Defined projects like a website, logo design, or piece of blog content can be quantified to a specific price and itemized individually. In the event that you hire an agency to execute certain deliverables on a project-by-project basis, you’ll receive an itemized breakdown when the project is complete outlining your balance due. Agencies differ in how they report the breakdown of your marketing dollars, so ask up front what you can expect to see on your bill.
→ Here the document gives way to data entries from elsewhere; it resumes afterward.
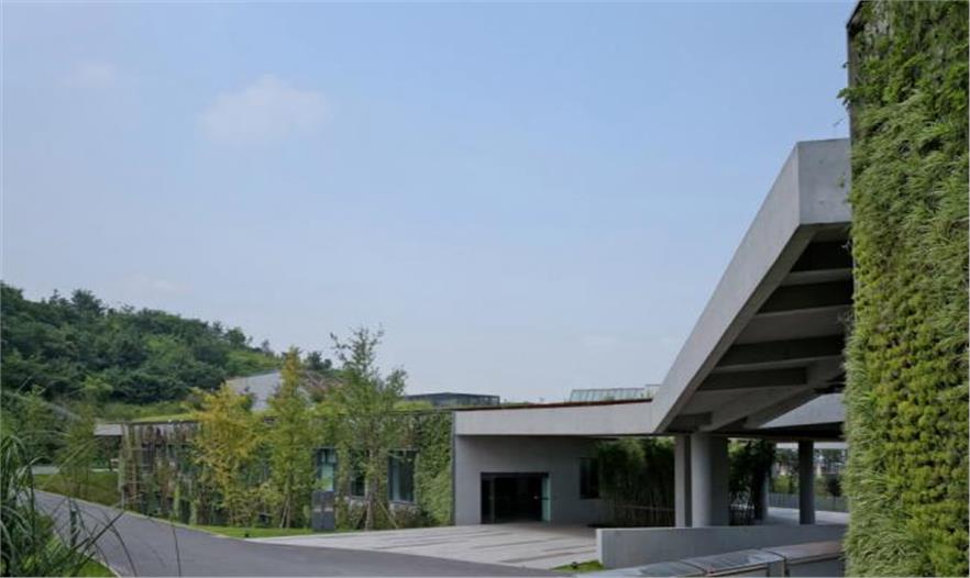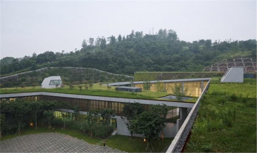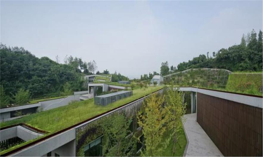 整體建筑采用綠色植被屋頂和局部的垂直綠化墻體,進(jìn)一步強(qiáng)化了建筑與自然山體共存的想法。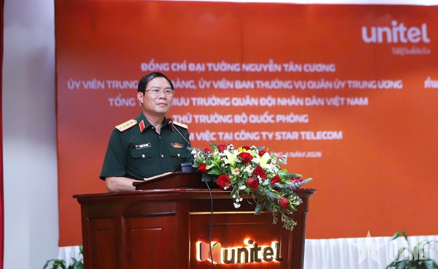| Đại tướng Nguyễn Tân Cương phát biểu khi đến thăm Công ty Star Telecom. |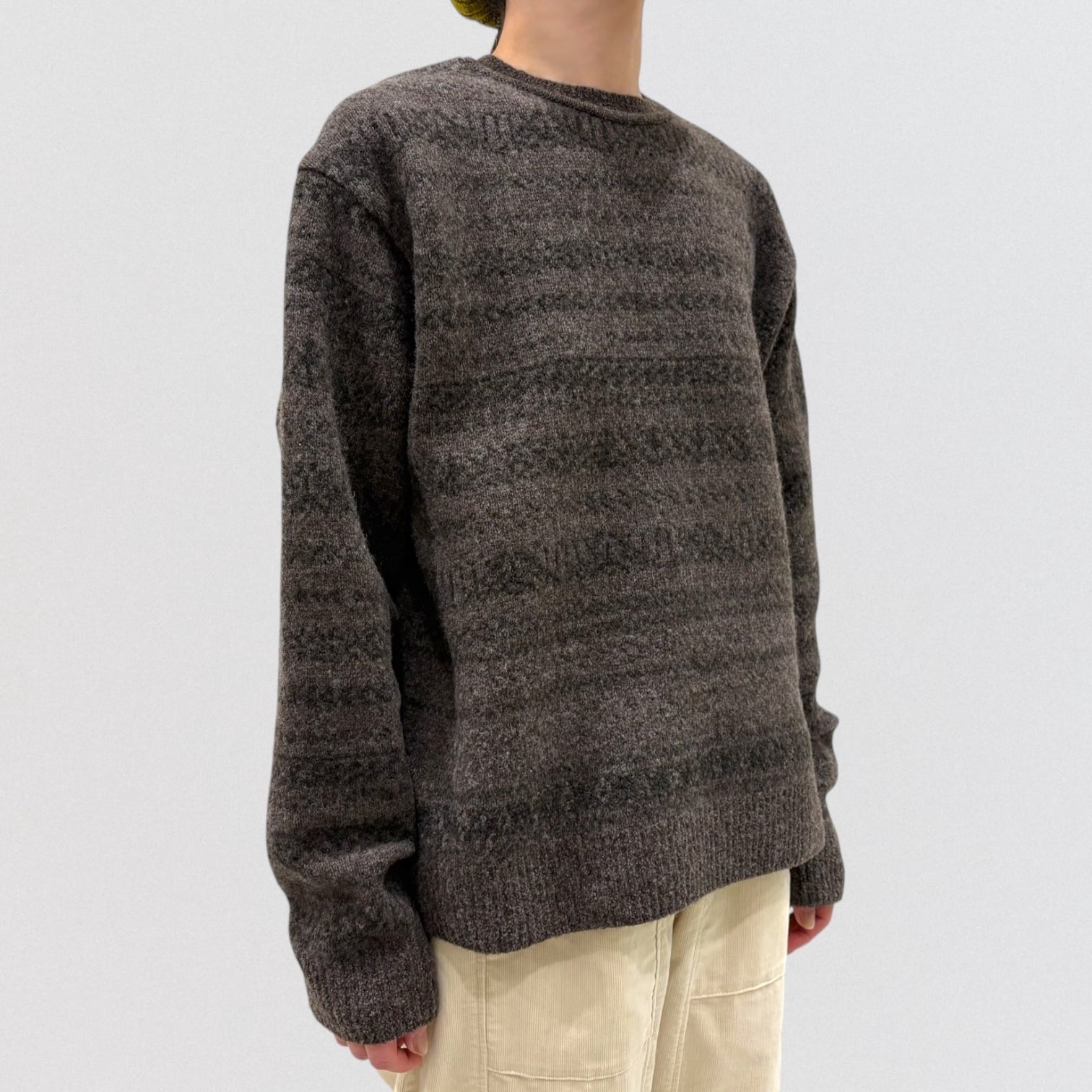 ふんわりとした毛羽感と上品なフェアアイル柄で、冬の装いにやさしい表情を添えるニット。
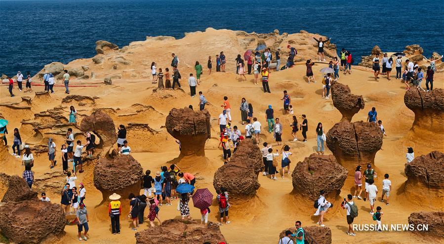 3 октября-- На фото -- причудливые скалы в геологическом парке Елю в городе Синьбэй на Тайване. (Синьхуа)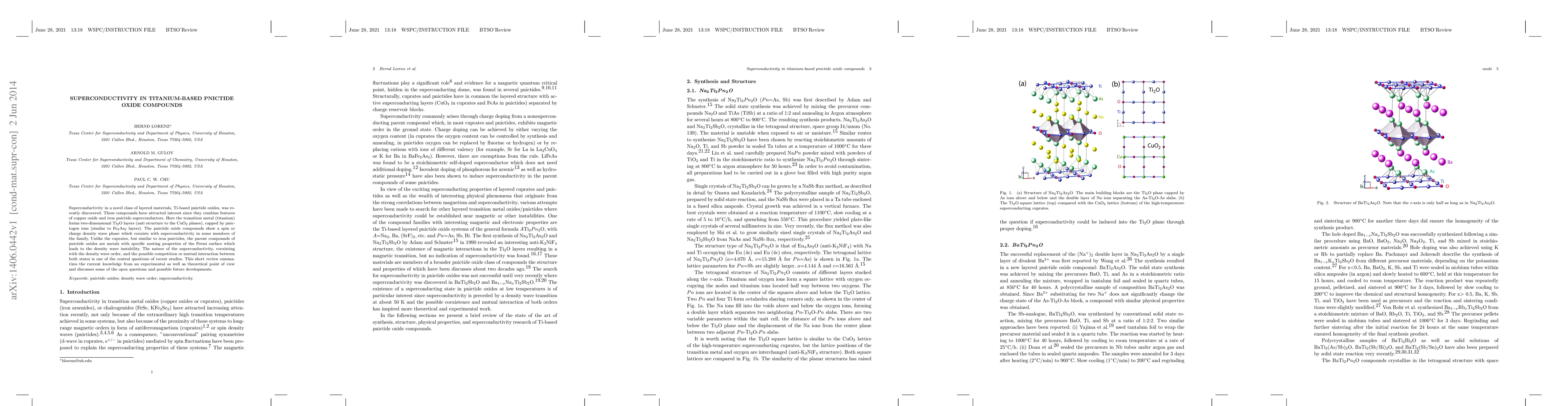This paper reviews the recent discovery of superconductivity in titanium-based pnictide oxides, which combine features of copper oxide and iron pnictide superconductors. It explores the coexistence of superconductivity with spin or charge density wave phases and discusses the potential interactions between these competing states.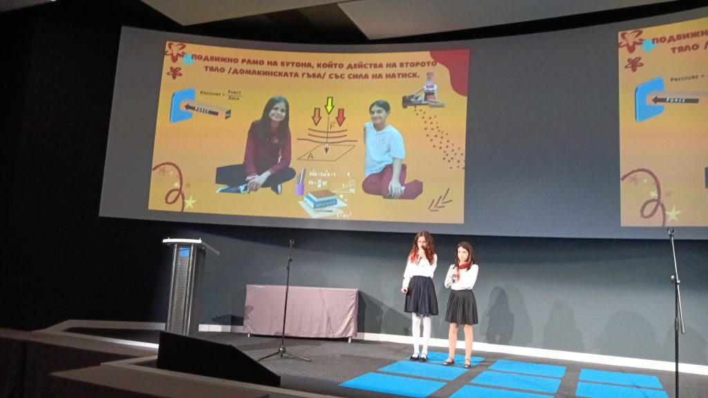 Голямата награда на конкурса за националните победители от ОУ „Иван Вазов“ – Горна Оряховица е да представят своите проекти на Националната конференция „STEM Образование и иновации“, секция STEM ученически проекти, която се провежда от 13 -15 април 2023 г. Малките момичета успяха достойно да защитят името на своето училище, показвайки своите презентационни умения от сцената пред десетки участници в залата на Интер Експо Център, София. Сертификати, златни медали и книга с публикация на проекта им бяха връчени от д-р Милена Крумова – Европейски институт за технологии, образование и дигитализация (EITED) и EduTechFlag, София.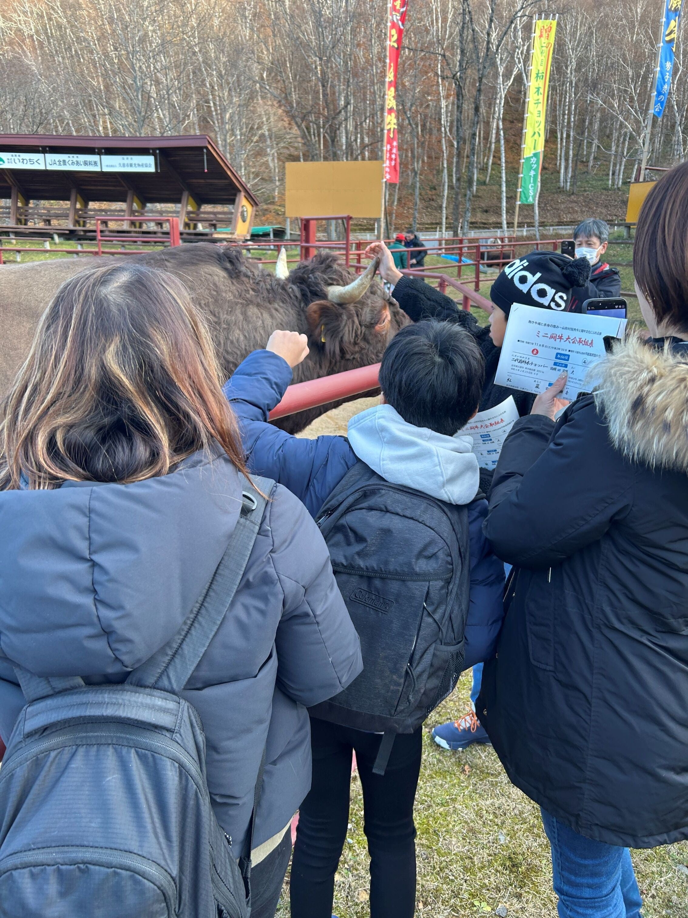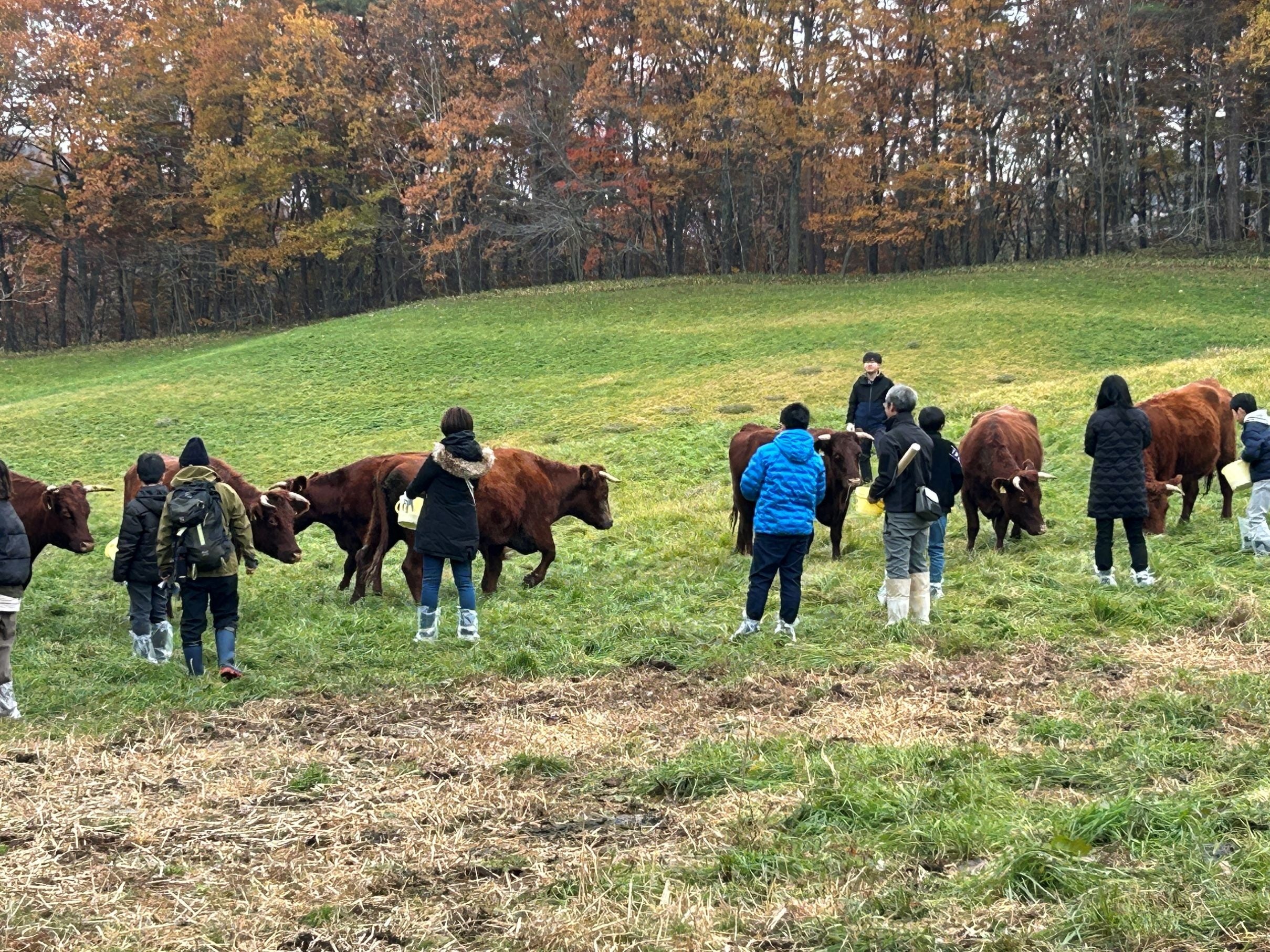 自然放牧で伸び伸びと暮らす山形村短角牛。近くで餌をやり、触れる機会です。

The more detail provided, the more you can scrutinize your ROI throughout the marketing contract.

PRO TIP: Be wary of agencies that try to itemize costs for long term services like search engine optimization, social media marketing, content marketing or website design and development. With so many hours and resources needed to successfully execute any of the above, allowing an agency to bill you hourly for these services relinquishes 100% of the control you have over what you pay (they get to set the hours, even if you set the wage). And it’s always going to be an exorbitant amount.


Most marketing teams will need at least 6 months to show solid results in digital marketing. Some agencies structure their contracts around defined campaign periods, while others intend on maintaining a monthly relationship for the foreseeable future and will tend toward yearly contracts for a set monthly fee.

It goes without saying, but you should only sign long term contracts if you’re confident in the agency you’re hiring. If the level of service you receive is not up to par or the results aren’t there, it can be difficult to dissolve the contract. Read thoroughly before you sign and understand your options for exiting the agreement if your terms are not met.

Last, familiarize yourself with the agency’s cancellation policy just in case something goes horribly wrong six months before your contract expires. Stay away from an agency that forces you to buy out your contract value if you cancel; this is usually a bad sign.